Bupropion is itself anaminoketone antidepressant, which could theoretically be used in the place of SSRIs to treat depression. However, for patients who had successfully stabilized with another antidepressant (and might not so successfully transfer to a new drug), bupropion has already b been in use to help treat SRI-induced dysfunctions. Despite its common use, until Ashton and Rosen's work was released, there had been no studies released on the success rate of bupropion or the actual necessary dosage, which required individual doctors and patients to experiment rather blindly with it.

Ashton and Rosen found that 66% of their subjects had favorable experienced with bupropion. About 19% responded to taking 75mg shortly before sex, 26% responded to taking 150 mg shortly before sex, but a full 57% responded to taking 75 mg on a regular basis, which tends to indicate a gradual change in body chemistry. Of patients treated with paroxetine, 80% experienced positive results. Flouxetine, sertaline and venlafaxine had between 50-65% success rates, while fluvoxamine only yielded 33% success rates. That there was a significant difference in which treatments responded to bupropion might indicate that something beyond placebo affect was at work. However, further studies are in order.

Ashton & Bennet's Letter to Editor

Ashton and Bennet, whose work was neither placebo-controlled or very large in scale, chose to merely write a letter to the medical community regarding their observations of the results of using Sildenafil to treat iatrogenic male erectile dysfunction. They acknowledged that many of the former antidote options did not appear to be entirely dependable. Options they mentioned included stimulants and gingko biloba, in addition to other drugs such as cyproheptadine, yohimbine, amantadine, buspirone, and bupropion; they also mentioned the use of "drug holidays" which gave the body a short break from its treatment. The idea of merely waiting to see if the problem resolves itself (which has actually been proposed in several articles) had a very low chance of success, and only 5.8-9.8% of iatrogenic SSRI-induced sexual dysfunctions have been indicated to spontaneously resolve themselves. Instead, Ashton and Bennet suggested the use of Sildenafil, which is a phosphodiesterase type 5 inhibitor.

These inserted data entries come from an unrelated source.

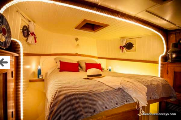 Hotel barge Mirage brings boutique living to the waterways of France. In years past, Mirage was a B&B barge. Now newly renovated for 2016, it offers full board cruising for six guests and hosts Pascal and Mimi welcome you aboard. Let us set the scene: the spacious saloon has a tasteful aviation theme, the dining table was once at home on Atlantic ocean liner, Olympia. There's even a piano and bass guitar on board.
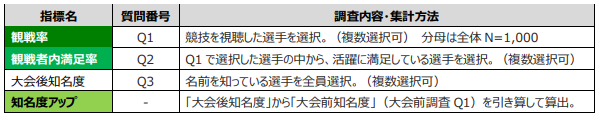 全121選手を分析対象として実施しました。指標名と調査内容・集計方法の対応は下表の通りです。「競技を視聴」にはニュースやダイジェストでの視聴も含みます。
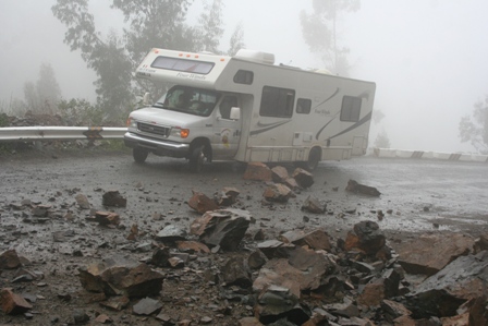 Les dernières pluies, comme souvent en cette saison, provoquent de gigantesques éboulis (derumbes). Nous slalomons entre les blocs de pierres les oreilles à l'affut du moindre bruit suspect !
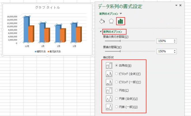 - データ系列の書式で
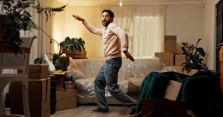Moving, dancing and man in new home with boxes with fun for property investment with music. Happy, goofy and male person listening to playlist, song or radio with groove in living room at house.
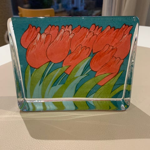 Iittalan tulppaanilasikoriste, kaunis, hyvä kunto, 14 x 11 cm, design Heljä Liukko-Sundström.

Sildenafil was released to treat male erectile dysfunction of physical, psychological, or mixed origin. Their few case studies appear to be the first to test sildenafil in the treatment of iatrogenic erectile dysfunction. In the first case, in which the gentleman was currently taking fluoxetine, bupropion had not succeeded in curing his sexual dysfunctions. sildenafil, on the other hand, was reported as working 80% to (in his words) "110%" when taken an hour before sex. In the second case study, in which the patient was using a mix of sertraline and methylphenidate, the sexual dysfunction in question had withstood attempts to treat it wit venlafaxine, bupropion, and nefazodone. In this case too, sildenafil taken one hour before sex normalized his system responses. Ashton and Bennet admit they cannot draw conclusive evidence from these studies, but suggest that they are grounds for further research.